## Task directions
Write out every record below exactly as it stands, leaving the pictures out.

[Records contained in a dataset]
--*--

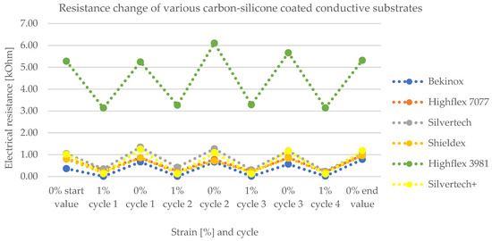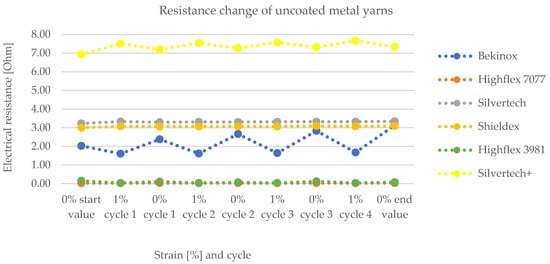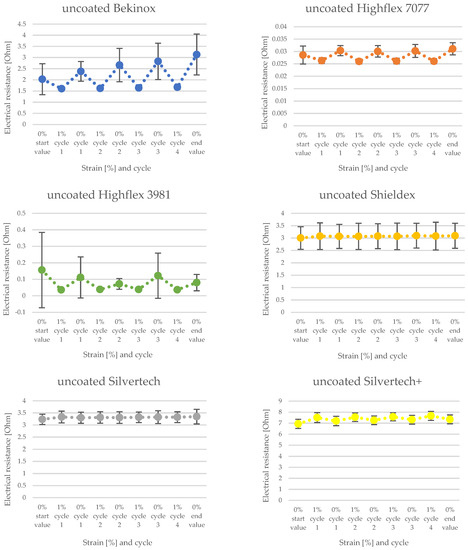 Figure 8 and Figure 9 show the change of electrical resistance upon four cycles of loading and unloading of all substrates, whereof Figure 8 includes the coated and Figure 9 the uncoated substrates tested with the same measurement set-up. In Figure 8, the carbon-silicone-coated Bekinox yarn shows the lowest and the coated Highflex 3981 yarn shows the highest electrical resistance values. The size range of all samples was comparable, though the Highflex 3981 had approximately 5 times higher resistance values than the other substrates. The Bekinox yarn initially showed an electrical resistance value of 0.3638 kOhm. When it was loaded about 1%, electrical resistance decreased to 0.0078 kOhm. For the Highflex 3981 yarn, values are as follows: the initial resistance lay at 5.2792 kOhm but, upon loading, it dropped down to 3.1372 kOhm. When comparing Figure 8 and Figure 9, it must be noted that for the uncoated samples the resistance values are given in Ohm. Thus, the coating increased the resistance approximately one-thousand-fold. However, the amplitudes of the change of electrical resistance upon loading of the uncoated samples were lower. Here, the Highflex 7077 had the lowest electrical resistance values, starting at 0.0286 Ohm and decreasing to 0.0263 Ohm upon loading. The Silvertech+ yarn had the highest value, given at 6.9318 Ohm, and increased upon loading, unlike all previous samples, to 7.0522 Ohm. The single displays of the measurements, including the standard deviation, are given in Figure 10 for the coated and in Figure 11 for the uncoated samples. For coated and uncoated substrates, it is observable that the values during loading were mostly more consistent over all cycles than the values during unloading. This becomes apparent when looking at the standard deviations in Figure 10 and Figure 11. For the coated Shieldex substrate exemplary, the standard deviation of unloading lies between 0.25 and 0.49, whereas the standard deviation of loading lies between 0.06 and 0.08. The effect of the coating regarding the sensitivity of the sensor becomes especially apparent when comparing the uncoated Shieldex, Silvertech, and Silvertech+ yarns to their coated equivalents. The uncoated substrates show nearly no change in electrical resistance when loaded or unloaded while the coated substrates triple to tenfold their values during the load cycles. The uncoated Bekinox, Highflex 7077, and Highflex 3981 already show sensor characteristics in their uncoated form, as the electrical resistance dropped during loading. Nevertheless, the sensitivity of the yarns towards loading can still be enhanced by the coating. The only exception is the Highflex 3981, which showed better sensor properties in the uncoated state.
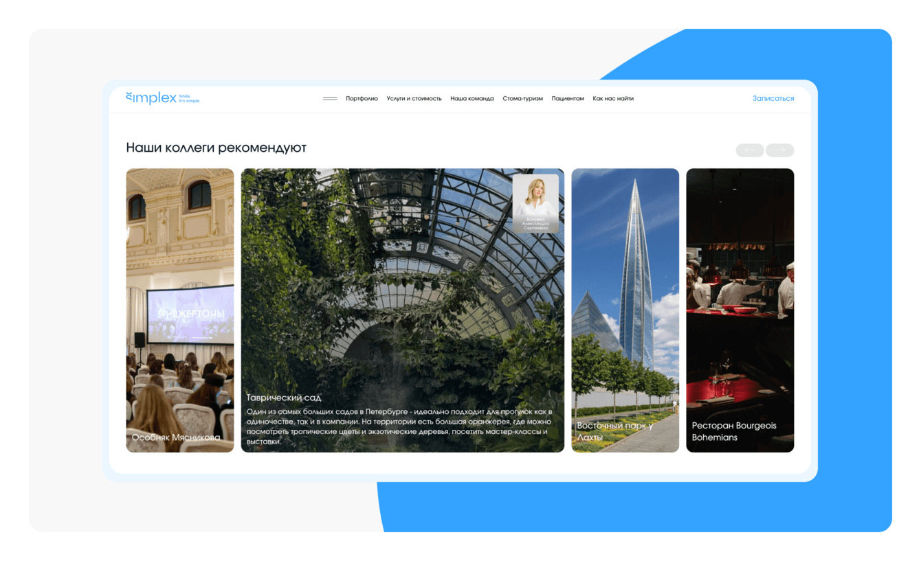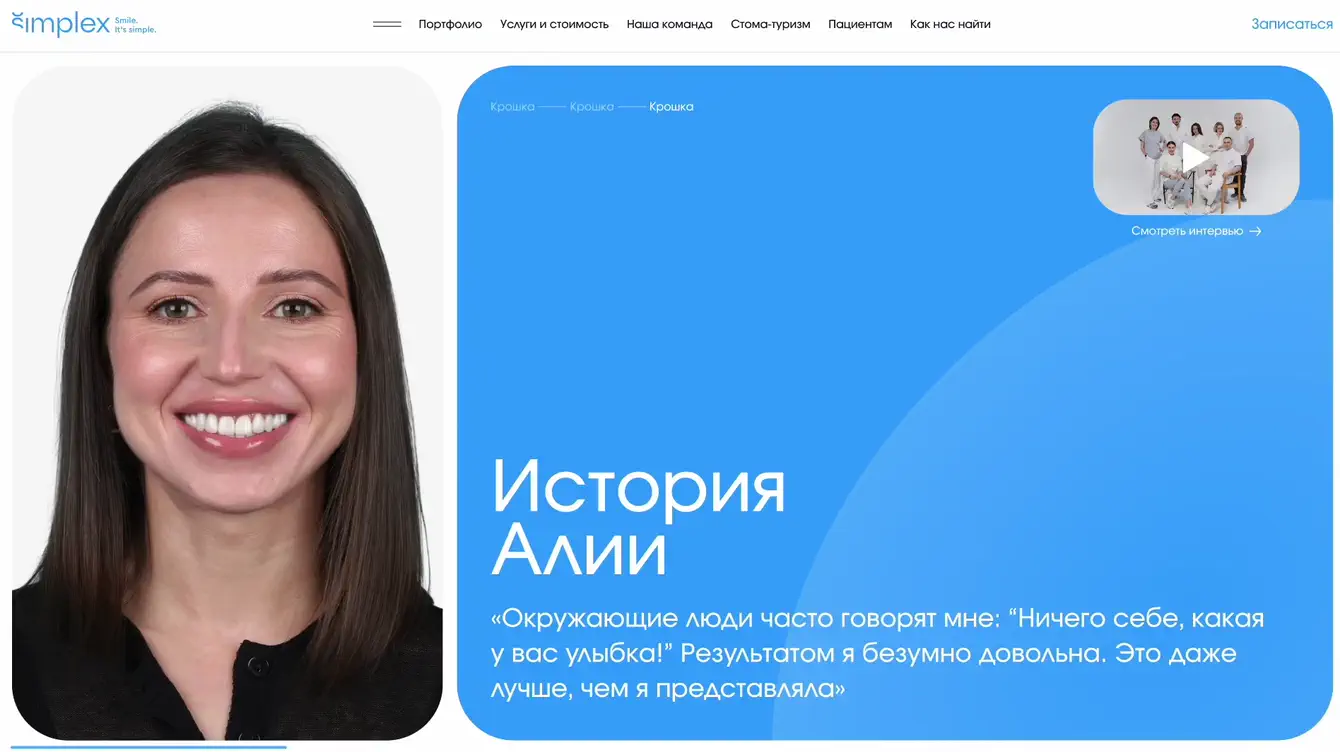 Simplex — это не просто стоматология, это законодатель мод в медицине! Предыдущую версию сайта мы запустили в 2018 году. Мы знаем, что этот сайт долгое время был ориентиром для конкурентов. Планка была задана достаточно высокая, поэтому к моменту обновления задача усложнилась. Делать работу под пристальным взглядом доброй половины рынка — это совсем иной уровень ответственности.
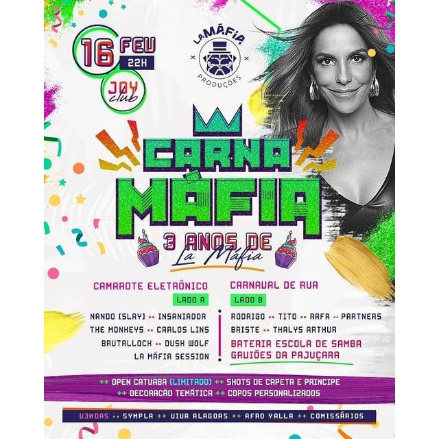 O Carnamáfia está de volta e a La Máfia está fazendo três aninhos de existência. E o que querem com isso? Fazer a melhor festa de todas! Afinal a melhor época do ano está chegando – o carnaval! Então se prepara para a prévia carnavalesca viu? São 3 anos de muita festa, bons momentos e muita história!!!
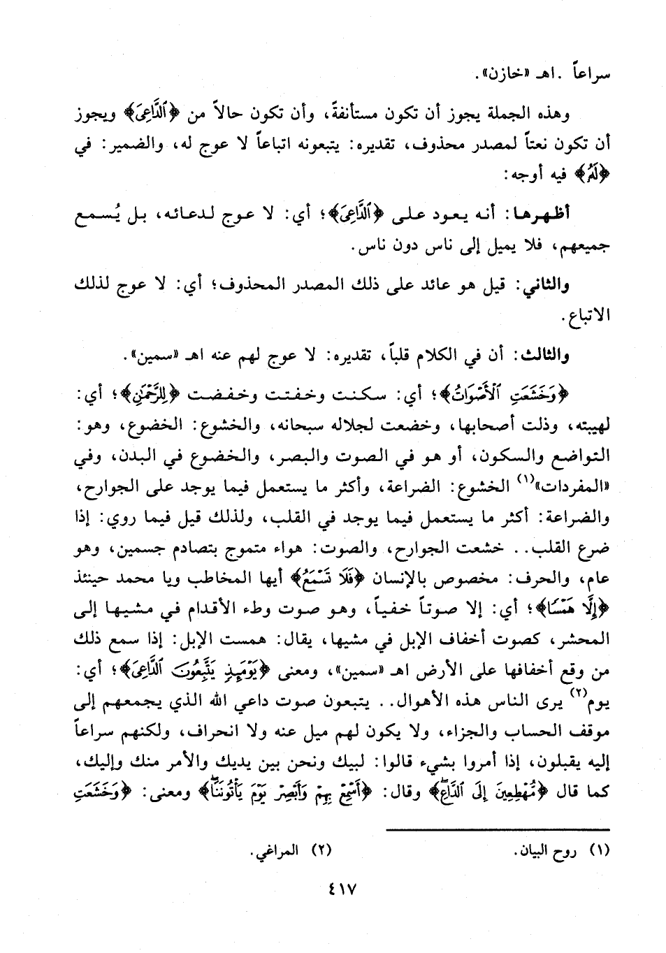 {وَخَشَعَتِ الْأَصْوَاتُ}؛ أي: سكنت وخفتت وخفضت {لِلرَّحْمَنِ}؛ أي: لهيبته، وذلت أصحابها، وخضعت لجلاله سبحانه، والخشوع: الخضوع، وهو: التواضع والسكون، أو هو في الصوت والبصر، والخضوع في البدن، وفي "المفردات" (¬1) الخشوع: الضراعة، وأكثر ما يستعمل فيما يوجد على الجوارح، والضراعة: أكثر ما يستعمل فيما يوجد في القلب، ولذلك قيل فيما روي: إذا ضرع القلب .. خشعت الجوارح، والصوت: هواء متموج بتصادم جسمين، وهو عام، والحرف: مخصوص بالإنسان {فَلَا تَسْمَعُ} أيها المخاطب ويا محمد حينئذ {إِلَّا هَمْسًا}؛ أي: إلا صوتًا خفيًا، وهو صوت وطء الأقدام في مشيها إلى المحشر، كصوت أخفاف الإبل في مشيها، يقال: همست الإبل: إذا سمع ذلك من وقع أخفافها على الأرض اهـ "سمين"، ومعنى {يَوْمَئِذٍ يَتَّبِعُونَ الدَّاعِيَ}؛ أي: يوم (¬2) يرى الناس هذه الأهوال .. يتبعون صوت داعي الله الذي يجمعهم إلى موقف الحساب والجزاء، ولا يكون لهم ميل عنه ولا انحراف، ولكنهم سراعًا إليه يقبلون، إذا أمروا بشيء قالوا: لبيك ونحن بين يديك والأمر منك وإليك، كما قال {مُهْطِعِينَ إِلَى الدَّاعِ} وقال: {أَسْمِعْ بِهِمْ وَأَبْصِرْ يَوْمَ يَأْتُونَنَا} ومعنى: {وَخَشَعَتِ
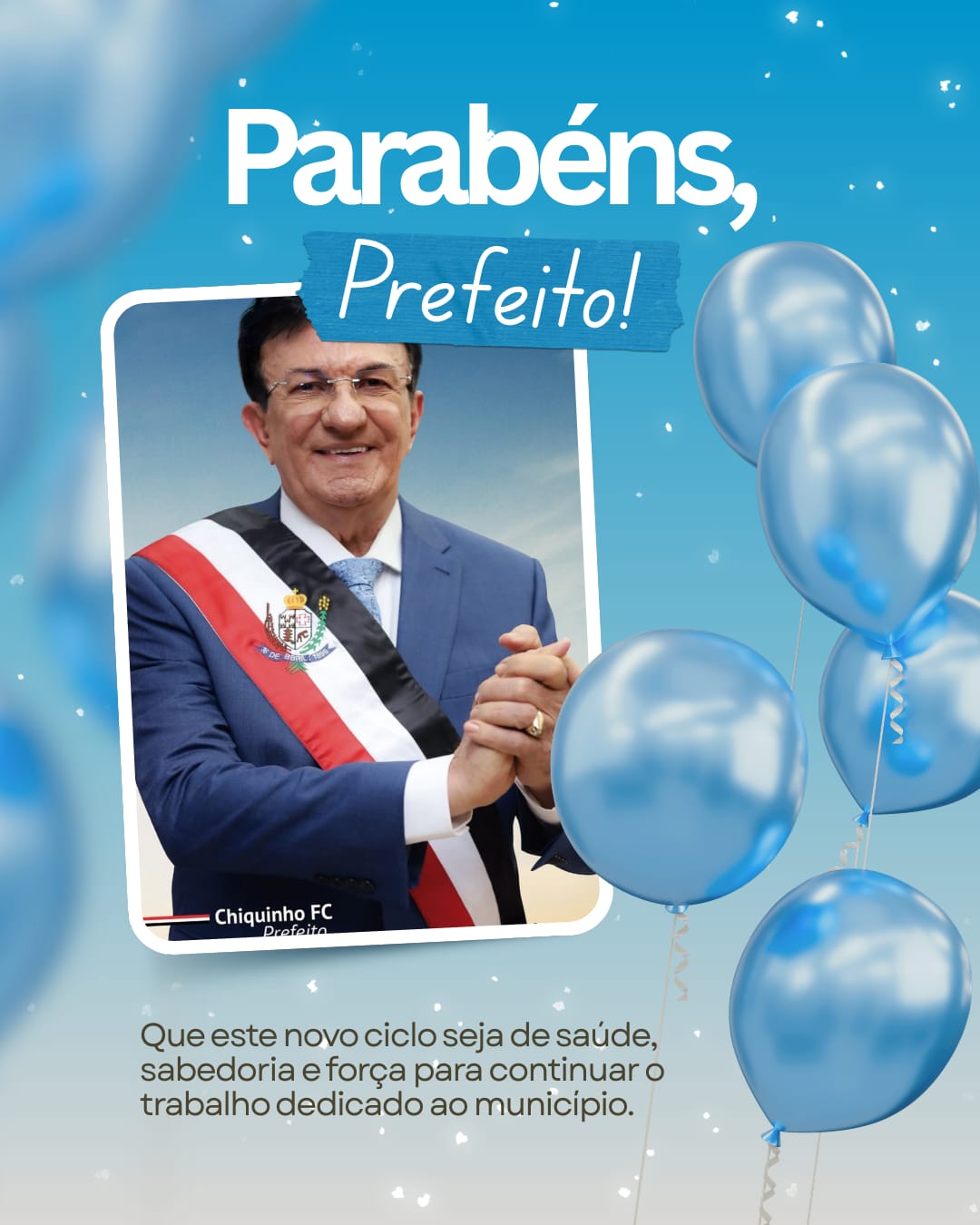 _*PARABÉNS* ao *excelentíssimo Senhor Prefeito de Codó*, o *Sr. Francisco Carlos de Oliveira* (Chiquinho FC); que Deus lhe conceda sabedoria e forças renovada para administrar o município, servindo ao bem comum, promovendo a justiça, a paz e a ordem. Oramos para que a benção do SENHOR esteja sobre sua vida, família e administração._
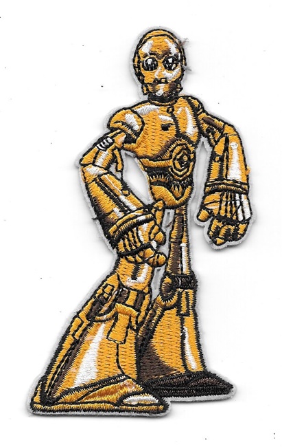 This unused embroidered patch features the 4″ high die-cut figure of the droid C-3PO as seen in all of the Star Wars movies. It comes with a glue backing for easy application to a cloth surfaced and is stored in a smoke and pet free environment.

--*--

## Written solution
 Figure 8 and Figure 9 show the change of electrical resistance upon four cycles of loading and unloading of all substrates, whereof Figure 8 includes the coated and Figure 9 the uncoated substrates tested with the same measurement set-up. In Figure 8, the carbon-silicone-coated Bekinox yarn shows the lowest and the coated Highflex 3981 yarn shows the highest electrical resistance values. The size range of all samples was comparable, though the Highflex 3981 had approximately 5 times higher resistance values than the other substrates. The Bekinox yarn initially showed an electrical resistance value of 0.3638 kOhm. When it was loaded about 1%, electrical resistance decreased to 0.0078 kOhm. For the Highflex 3981 yarn, values are as follows: the initial resistance lay at 5.2792 kOhm but, upon loading, it dropped down to 3.1372 kOhm. When comparing Figure 8 and Figure 9, it must be noted that for the uncoated samples the resistance values are given in Ohm. Thus, the coating increased the resistance approximately one-thousand-fold. However, the amplitudes of the change of electrical resistance upon loading of the uncoated samples were lower. Here, the Highflex 7077 had the lowest electrical resistance values, starting at 0.0286 Ohm and decreasing to 0.0263 Ohm upon loading. The Silvertech+ yarn had the highest value, given at 6.9318 Ohm, and increased upon loading, unlike all previous samples, to 7.0522 Ohm. The single displays of the measurements, including the standard deviation, are given in Figure 10 for the coated and in Figure 11 for the uncoated samples. For coated and uncoated substrates, it is observable that the values during loading were mostly more consistent over all cycles than the values during unloading. This becomes apparent when looking at the standard deviations in Figure 10 and Figure 11. For the coated Shieldex substrate exemplary, the standard deviation of unloading lies between 0.25 and 0.49, whereas the standard deviation of loading lies between 0.06 and 0.08. The effect of the coating regarding the sensitivity of the sensor becomes especially apparent when comparing the uncoated Shieldex, Silvertech, and Silvertech+ yarns to their coated equivalents. The uncoated substrates show nearly no change in electrical resistance when loaded or unloaded while the coated substrates triple to tenfold their values during the load cycles. The uncoated Bekinox, Highflex 7077, and Highflex 3981 already show sensor characteristics in their uncoated form, as the electrical resistance dropped during loading. Nevertheless, the sensitivity of the yarns towards loading can still be enhanced by the coating. The only exception is the Highflex 3981, which showed better sensor properties in the uncoated state.
 Simplex — это не просто стоматология, это законодатель мод в медицине! Предыдущую версию сайта мы запустили в 2018 году. Мы знаем, что этот сайт долгое время был ориентиром для конкурентов. Планка была задана достаточно высокая, поэтому к моменту обновления задача усложнилась. Делать работу под пристальным взглядом доброй половины рынка — это совсем иной уровень ответственности.
 O Carnamáfia está de volta e a La Máfia está fazendo três aninhos de existência. E o que querem com isso? Fazer a melhor festa de todas! Afinal a melhor época do ano está chegando – o carnaval! Então se prepara para a prévia carnavalesca viu? São 3 anos de muita festa, bons momentos e muita história!!!
 {وَخَشَعَتِ الْأَصْوَاتُ}؛ أي: سكنت وخفتت وخفضت {لِلرَّحْمَنِ}؛ أي: لهيبته، وذلت أصحابها، وخضعت لجلاله سبحانه، والخشوع: الخضوع، وهو: التواضع والسكون، أو هو في الصوت والبصر، والخضوع في البدن، وفي "المفردات" (¬1) الخشوع: الضراعة، وأكثر ما يستعمل فيما يوجد على الجوارح، والضراعة: أكثر ما يستعمل فيما يوجد في القلب، ولذلك قيل فيما روي: إذا ضرع القلب .. خشعت الجوارح، والصوت: هواء متموج بتصادم جسمين، وهو عام، والحرف: مخصوص بالإنسان {فَلَا تَسْمَعُ} أيها المخاطب ويا محمد حينئذ {إِلَّا هَمْسًا}؛ أي: إلا صوتًا خفيًا، وهو صوت وطء الأقدام في مشيها إلى المحشر، كصوت أخفاف الإبل في مشيها، يقال: همست الإبل: إذا سمع ذلك من وقع أخفافها على الأرض اهـ "سمين"، ومعنى {يَوْمَئِذٍ يَتَّبِعُونَ الدَّاعِيَ}؛ أي: يوم (¬2) يرى الناس هذه الأهوال .. يتبعون صوت داعي الله الذي يجمعهم إلى موقف الحساب والجزاء، ولا يكون لهم ميل عنه ولا انحراف، ولكنهم سراعًا إليه يقبلون، إذا أمروا بشيء قالوا: لبيك ونحن بين يديك والأمر منك وإليك، كما قال {مُهْطِعِينَ إِلَى الدَّاعِ} وقال: {أَسْمِعْ بِهِمْ وَأَبْصِرْ يَوْمَ يَأْتُونَنَا} ومعنى: {وَخَشَعَتِ
 _*PARABÉNS* ao *excelentíssimo Senhor Prefeito de Codó*, o *Sr. Francisco Carlos de Oliveira* (Chiquinho FC); que Deus lhe conceda sabedoria e forças renovada para administrar o município, servindo ao bem comum, promovendo a justiça, a paz e a ordem. Oramos para que a benção do SENHOR esteja sobre sua vida, família e administração._
 This unused embroidered patch features the 4″ high die-cut figure of the droid C-3PO as seen in all of the Star Wars movies. It comes with a glue backing for easy application to a cloth surfaced and is stored in a smoke and pet free environment.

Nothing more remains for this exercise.